HELSINKI.- Helsinki Art Museum announces the details of the reopening programme for September 2015, following a renovation and expansion of the museums exhibition spaces in the historic Tennis Palace (Tennispalatsi) building.
Internationally renowned Chinese contemporary artist and social activist, Ai Weiwei will reopen the museum with his first solo show in Finland. Transforming the Tennis Palaces iconic 12-metre high domed galleries, the exhibition will focus on the artists use of wood, and includes the world premiere of two new works: Garbage Containers and White House. The exhibition will also present celebrated installations, sculptures and photographs including Handcuffs, Grapes and Tree.

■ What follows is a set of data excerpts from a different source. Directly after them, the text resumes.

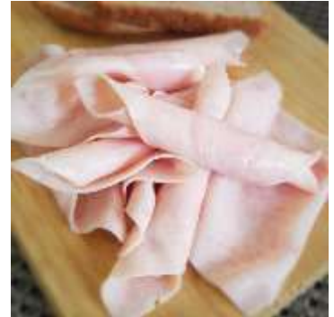
Pechuga de pollo y pavo
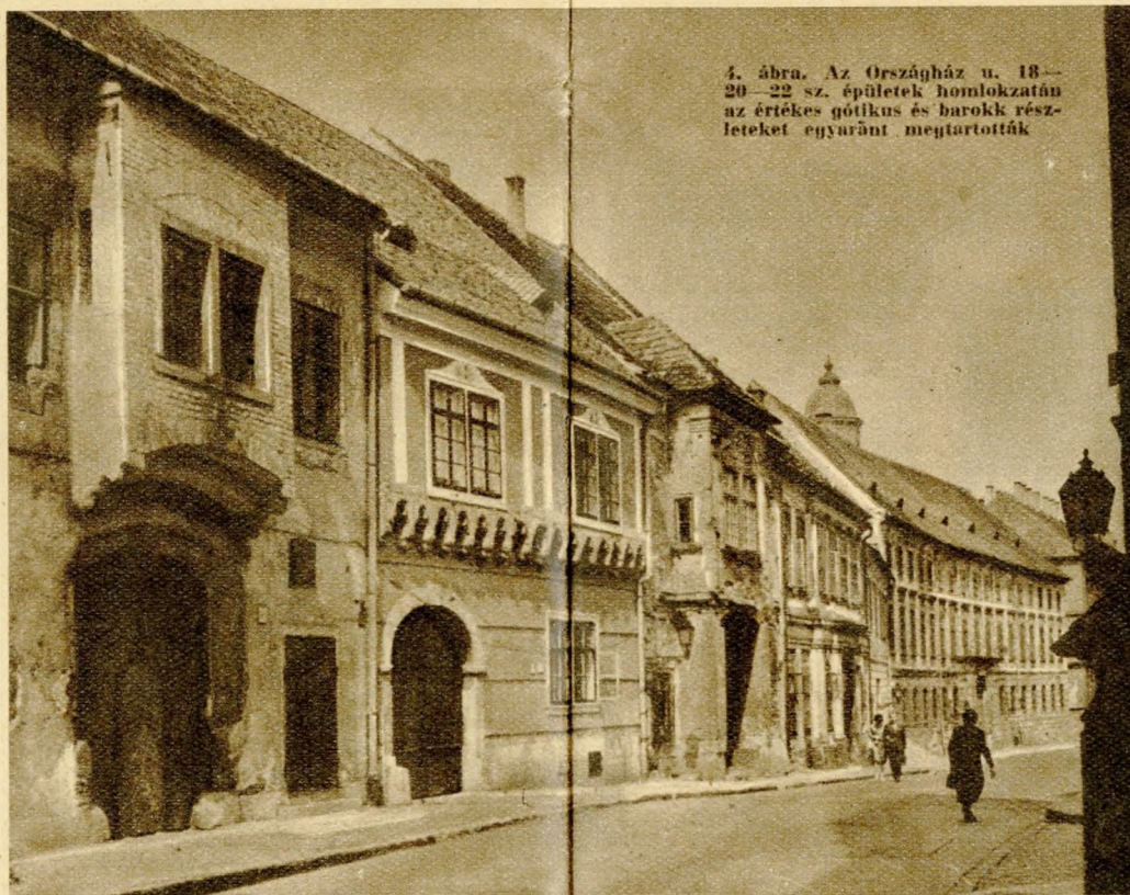
4. ábra. Az Országház u. 18—20—22 sz. épületek homlokzatán az értékes gótikus és barokk részleteket egyaránt megtartották

Az 1945. évi ostrom pusztítása azonban ismét felszínre hozta a rég eltakart maradványokat. Az újabbkori épületekről lehullott vakolatrétegek alól a szétroncsolt falak romjai között középkori épületrészek tűntek elő nem sejtett
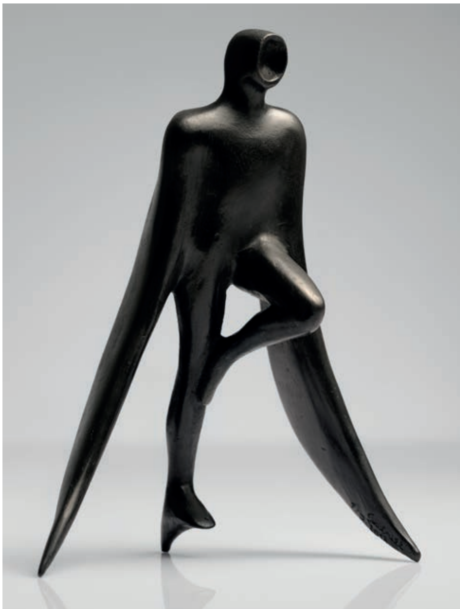
JIŽNÍ ARCHANDĚL 2018, bronz, 21 × 15 × 10 cm
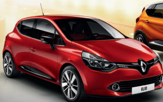
RENAULT CLIO OD 76 633 Kč PŘI ENERGY FINANCOVÁNÍ NA 1/3
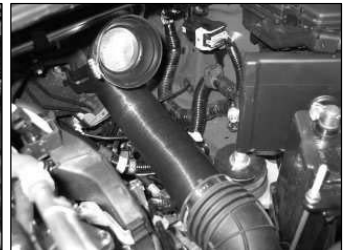
Fig. # 20
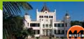
Kunstexpositie Land- goed Sandenburg P14

Gemeente Neder-Betuwe | Gemeente Rhenen Ingen | Lienden | Ommeren
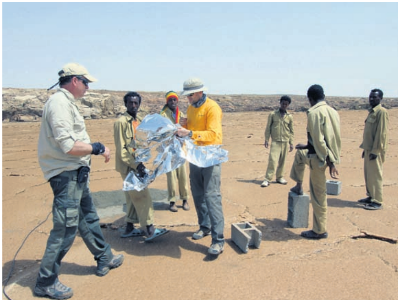
ADSTÆÐUR SKOÐAÐAR Starfsmenn ÍSOR koma meðal annars að jarðvarmaverkefni nálægt eldfjallinu Dallol í Eþíópíu.
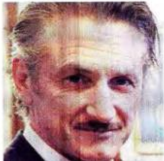
Sean Penn Productor y director de cine

Un juez federal dejó sin efecto el auto de formal prisión contra la exlíder del SNTE, Elba Esther Gordillo, acusada por la PGR de los delitos de operaciones con recursos de procedencia ilícita y delincuencia organizada. El fallo es el segundo de los tres juicios que ha perdido la PGR en contra de Gordillo, quien continuará en prisión.
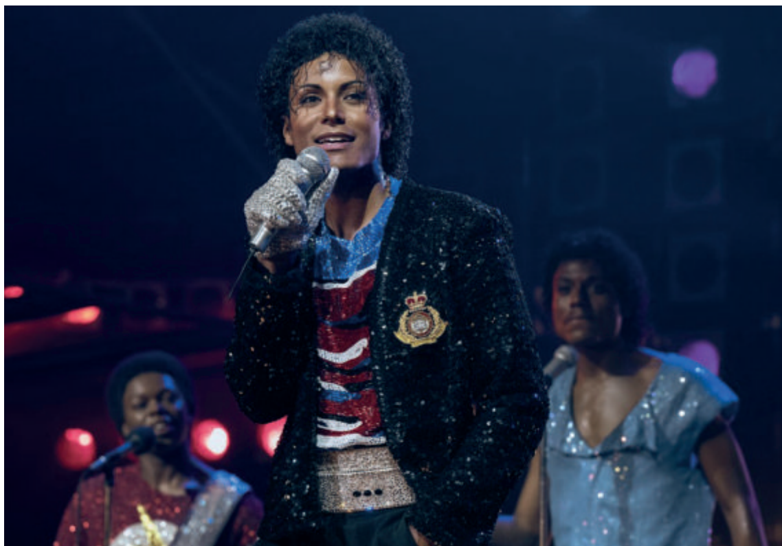
Un'immagine del film
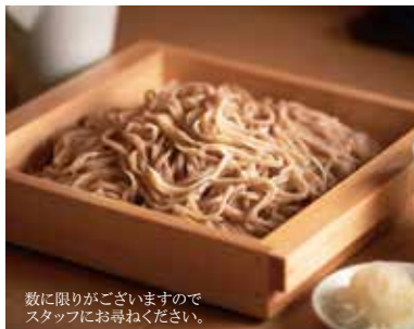
玄そば 数量限定 GEN Soba [Limited Offer] 890
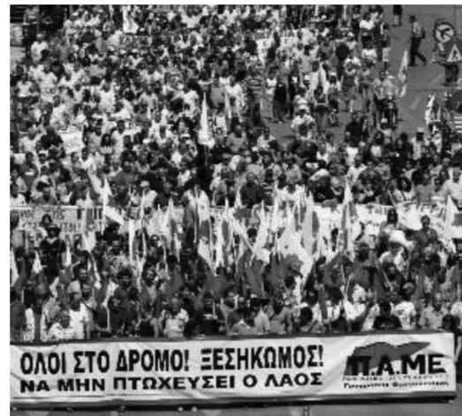
Με τον νόμο του Μνημονίου (3845/2010) και τον νέο αντιασφαλιστικό νόμο (3863/2010):

1) Νέο ασφαλιστικό. 2) Νόμο για την αναμόρφωση του συστήματος συλλογικών διαπραγματεύσεων (κατάργηση Συλλογικών Συμβάσεων). 3) Τροποποίηση της νομοθεσίας για την προστασία της εργασίας. 4) Αύξηση του τιμολογίου της ΔΕΗ από 40 έως 100%. 5) Άμεση μετάταξη μέσα στο 2010 πολλών προϊόντων λαϊκής κατανάλωσης, τρόφιμα, φάρμακα από τον χαμηλό συντελεστή 11% στον ψηλότερο 23% κ.ά. (Συνέχεια στη σελ. 2)
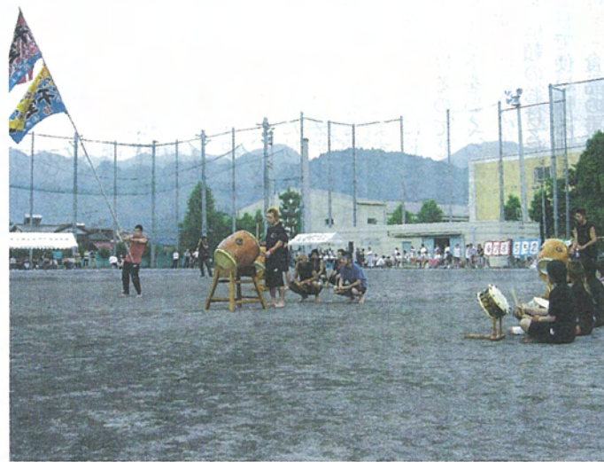
都立五日市高校との合同体育祭の三宅高校応援団

三宅島の自然や文化、産業を学んできましたが、これからは、さらに積極的に三宅島の緑化に貢献していく予定です。 学校としての取り組みは、苗木の生産方法の研究・ガスに強い植物の発見など、いろいろ考えています。この取り組みには都立園芸高等学校(世田谷区)と連携して苗木の生産なども予定しています。園芸高校との連携のスタートとして、7月8日に園芸高校で連携開始のセレモニーと1回目の作業として挿し木を行いました。 (都立三宅高等学校副校長)
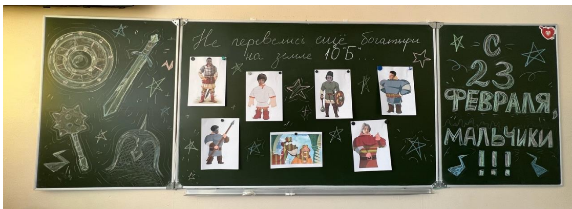
22.02 девочки 10Б поздравили мальчиков с Днём защитника Отечества. А затем все вместе отпраздновали середину масленичной недели – Лакомку!
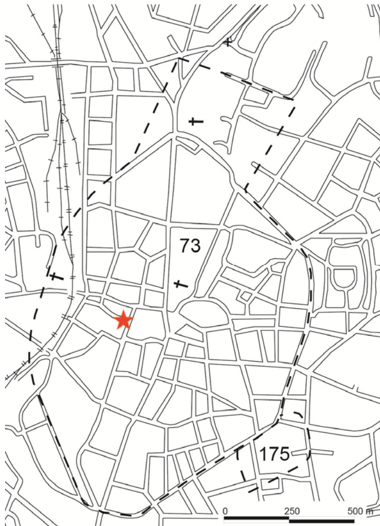
Figur 1. Lunds medeltida stad, fornlämning 73, med platsen för undersökningen markerad med en röd stjärna.
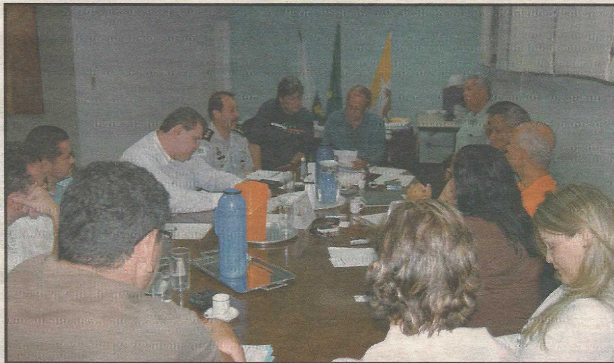
Todos os setores envolvidos com a segurança participaram da reunião

Highlights from HAMs collection will be celebrated with a series of reopening exhibitions presented across the ground floor of the museum. Currently representing Finland at the Venice Biennale, IC-98, an artist duo comprised of Patrik Söderlund and Visa Suonpää, will present Aftermath: digital animations and computer aided drawings which offer a vision of a world without people, but where the traces of humanity are still evident.
100 Years of Taidesalonki will explore the role that Finnish collector, historian and art dealer Leonard Bäcksbacka has played in developing Finlands art scene. Organised on the occasion of the centenary of the Taidesalonki, Finlands oldest private art gallery still functioning (established by Bäcksbacka in 1915 and remaining open today), the exhibition will present a collection of works by artists from the past 100 years, including lends from Taidesalonki, works from HAMs collection and other major museums in Finland. Highlights include works by Ellen Thesleff, Tyko Sallinen and Viggo Wallensköld.
Two major works by significant Finnish artists will be also be exhibited in the museums public spaces: Kari Cavéns UHO (Unidentified Hanging Object) in the entrance hall, and Tuula Lehtinens Et tiedä kuinka kaunis olet (You dont know how beautiful you are) in the museums new bathrooms. The new HAM gallery will also dedicate space to presenting new work by emerging Finnish artists. The gallery will open with works by Finnish artist Reija Meriläinen (b.1987) in an exhibition called En Garde.
The reopening also creates an opportunity to look back at the foundation of HAM, an institution established in 1976 through a major donation of over 440 works from the Bäcksbacka estate. Thanks to this generous gift, HAM has grown to become one of the largest museums in the Nordic countries. After the centenary exhibition, the ground floor exhibition space will be dedicated to a rolling display of works from the Bäcksbacka Collection, which remains at the core of the museums collection.
HAM continues to be developed around its collection, which now comprises over 9,000 works, almost half of which are displayed across the city in parks, streets, health centres, schools and libraries, with 250 of these able to be viewed 24 hours a day. As part of the development scheme, HAM is also developing the HAM Metro exhibition space, located in one of the citys busiest metro stations, Kamppi.